Плохим укрытием оказался этот забор. Когда, перемахнув через него, Федор Иванович, полный тоскливого предчувствия, выбежал к огороду, он увидел знакомую специалисту-картофелеводу картину. Весь огород изменил цвет. Четыре дня назад это был чистый, откровенно зеленый широкий лоскут, равномерно обсыпанный белыми цветочками, и все растения стояли, тянули руки вверх. Этой ночью, за минуту до восхода солнца, огород был такой же голубовато-серый, как и картошка на поле совхоза. А сейчас, когда иней растаял, вся ботва поникла, уронила «уши», и эти почти черные «уши» слегка просвечивали, как восковые. В них уже шли необратимые процессы, начало которым кладется в один миг. Федор Иванович уже видел этот миг, остановленный и закрепленный на кинопленке — когда хромосомы, попав в условия, непригодные для жизни, начинают распадаться.
Смерть провела здесь свою черту. И Федор Иванович, который по его специальности и по его особенной детской впечатлительности был более чем иные способен вникнуть в ужасающую суть этого явления и который по тем же основаниям ярче иных стремился к жизни и берег жизнь, — наш Федор Иванович сидел на корточках перед мертвыми картофельными кустами и осторожно трогал их мертвые «уши», сливался с постигшей этот уголок природы бедой.

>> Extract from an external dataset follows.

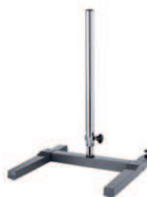
R 2723 Telescopic stand

Particularly stable stand with H-shape base which prevents the stand from tipping backwards. Additionally equipped with a pneumatic spring stand rod, which enables heavy instruments/attachments to be raised and lowered smoothly without difficulty. Height: 620 - 1010 mm.

Это были мгновения высшей деятельности духа, и потому, как иногда с ним случалось, он совсем не чувствовал себя и не видел ничего из того, что входило в состав его телесного бытия. Даже своих рук, перебиравших мертвые листы. Он был глубоко в нижней колбе своих песочных часов, в своей закрытой для всех бесконечности. А вокруг него — во внешнем мире — собрались другие сущности, тоже бестелесные, их оболочка была здесь не нужна. И если Саул был прост и виден до конца, хотя себе казался очень сложной штучкой; если Краснов был для Федора Ивановича открыт почти весь, а неясным оставался только в тех своих проявлениях, шевелить которые не хотелось, чтобы нечаянно не наткнуться на слишком простые ясности, которые мы обходим стороной даже в мыслях; если об остальных сущностях, толпившихся поодаль, даже и думать было лень — они не стремились распознать Федора Ивановича, пока их не заставляли, были довольны доставшимся им куском, сиидели, как кролики в клетках...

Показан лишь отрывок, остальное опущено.